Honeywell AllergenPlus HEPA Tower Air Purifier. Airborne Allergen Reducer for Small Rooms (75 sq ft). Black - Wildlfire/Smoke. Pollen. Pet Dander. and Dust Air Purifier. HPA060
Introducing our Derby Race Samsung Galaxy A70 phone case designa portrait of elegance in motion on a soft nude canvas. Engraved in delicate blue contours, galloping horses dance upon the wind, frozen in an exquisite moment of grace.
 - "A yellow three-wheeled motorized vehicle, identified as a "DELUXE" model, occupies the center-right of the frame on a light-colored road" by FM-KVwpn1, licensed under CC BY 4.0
==
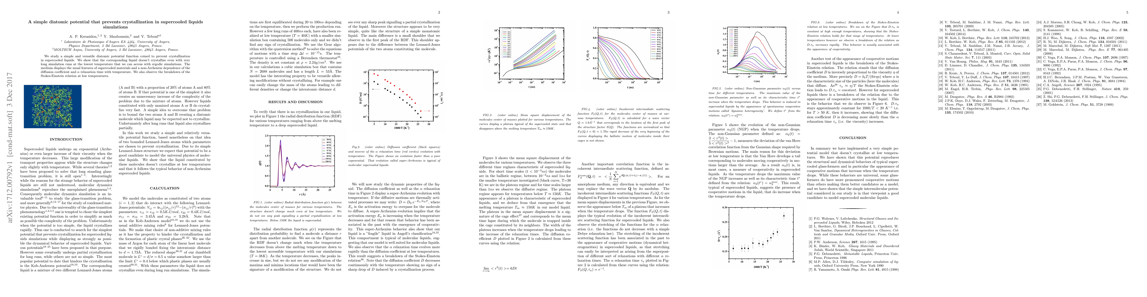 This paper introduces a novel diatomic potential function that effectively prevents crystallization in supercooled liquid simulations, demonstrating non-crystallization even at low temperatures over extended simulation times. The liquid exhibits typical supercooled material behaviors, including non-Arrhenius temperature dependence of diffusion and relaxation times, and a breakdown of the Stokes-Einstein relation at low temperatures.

Work task —
In the listing above, locate the line with "Honeywell AllergenPlus HEPA" and the line with "under CC BY 4.0", then extract exactly those lines and every line between them, and nothing more.

Answer to this task —
Honeywell AllergenPlus HEPA Tower Air Purifier. Airborne Allergen Reducer for Small Rooms (75 sq ft). Black - Wildlfire/Smoke. Pollen. Pet Dander. and Dust Air Purifier. HPA060
Introducing our Derby Race Samsung Galaxy A70 phone case designa portrait of elegance in motion on a soft nude canvas. Engraved in delicate blue contours, galloping horses dance upon the wind, frozen in an exquisite moment of grace.
 - "A yellow three-wheeled motorized vehicle, identified as a "DELUXE" model, occupies the center-right of the frame on a light-colored road" by FM-KVwpn1, licensed under CC BY 4.0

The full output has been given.